**Task objective:**
Every line from the one with "Contemporary home with" to the end of the listing, and nothing else, is to be printed exactly; please leave the pictures out.

————

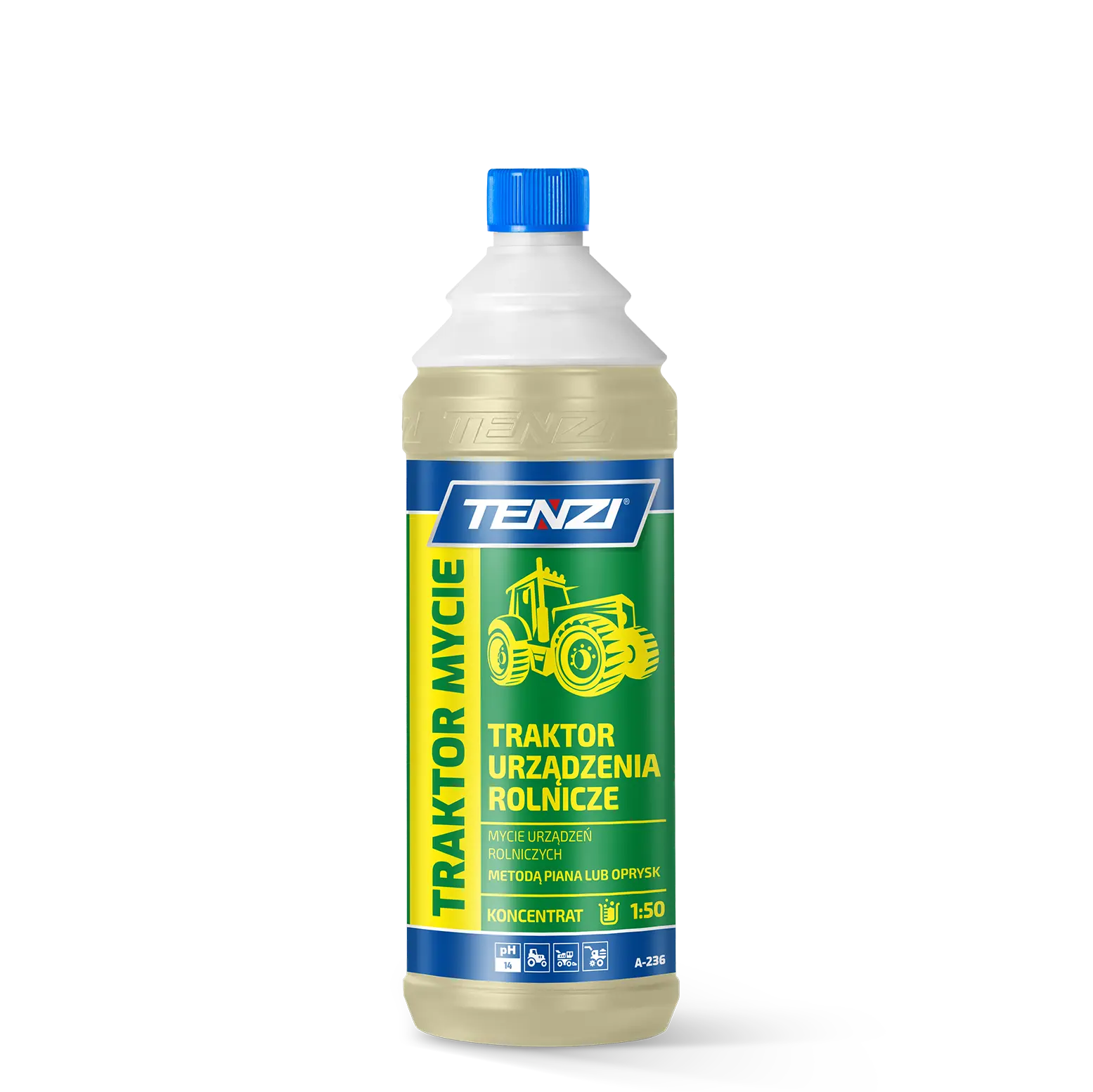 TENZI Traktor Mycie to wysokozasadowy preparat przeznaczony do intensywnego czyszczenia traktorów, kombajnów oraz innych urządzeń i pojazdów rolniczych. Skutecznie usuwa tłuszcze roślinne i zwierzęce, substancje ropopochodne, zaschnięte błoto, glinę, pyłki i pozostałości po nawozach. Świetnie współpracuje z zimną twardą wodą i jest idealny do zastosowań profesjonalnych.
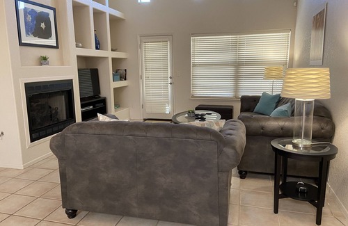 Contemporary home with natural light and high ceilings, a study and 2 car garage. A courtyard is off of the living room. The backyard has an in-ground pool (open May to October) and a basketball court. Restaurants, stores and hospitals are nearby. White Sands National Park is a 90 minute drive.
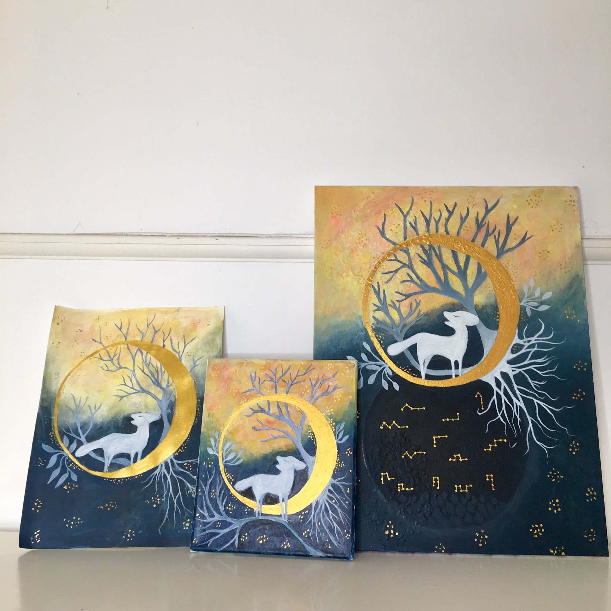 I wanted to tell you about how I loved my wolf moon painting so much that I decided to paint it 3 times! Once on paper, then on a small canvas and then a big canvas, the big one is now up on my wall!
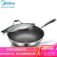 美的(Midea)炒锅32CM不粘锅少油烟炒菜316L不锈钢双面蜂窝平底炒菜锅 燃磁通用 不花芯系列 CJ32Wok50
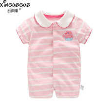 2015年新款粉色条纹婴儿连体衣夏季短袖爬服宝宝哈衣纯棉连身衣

————

**Response for this exercise:**
 Contemporary home with natural light and high ceilings, a study and 2 car garage. A courtyard is off of the living room. The backyard has an in-ground pool (open May to October) and a basketball court. Restaurants, stores and hospitals are nearby. White Sands National Park is a 90 minute drive.
 I wanted to tell you about how I loved my wolf moon painting so much that I decided to paint it 3 times! Once on paper, then on a small canvas and then a big canvas, the big one is now up on my wall!
 美的(Midea)炒锅32CM不粘锅少油烟炒菜316L不锈钢双面蜂窝平底炒菜锅 燃磁通用 不花芯系列 CJ32Wok50
 2015年新款粉色条纹婴儿连体衣夏季短袖爬服宝宝哈衣纯棉连身衣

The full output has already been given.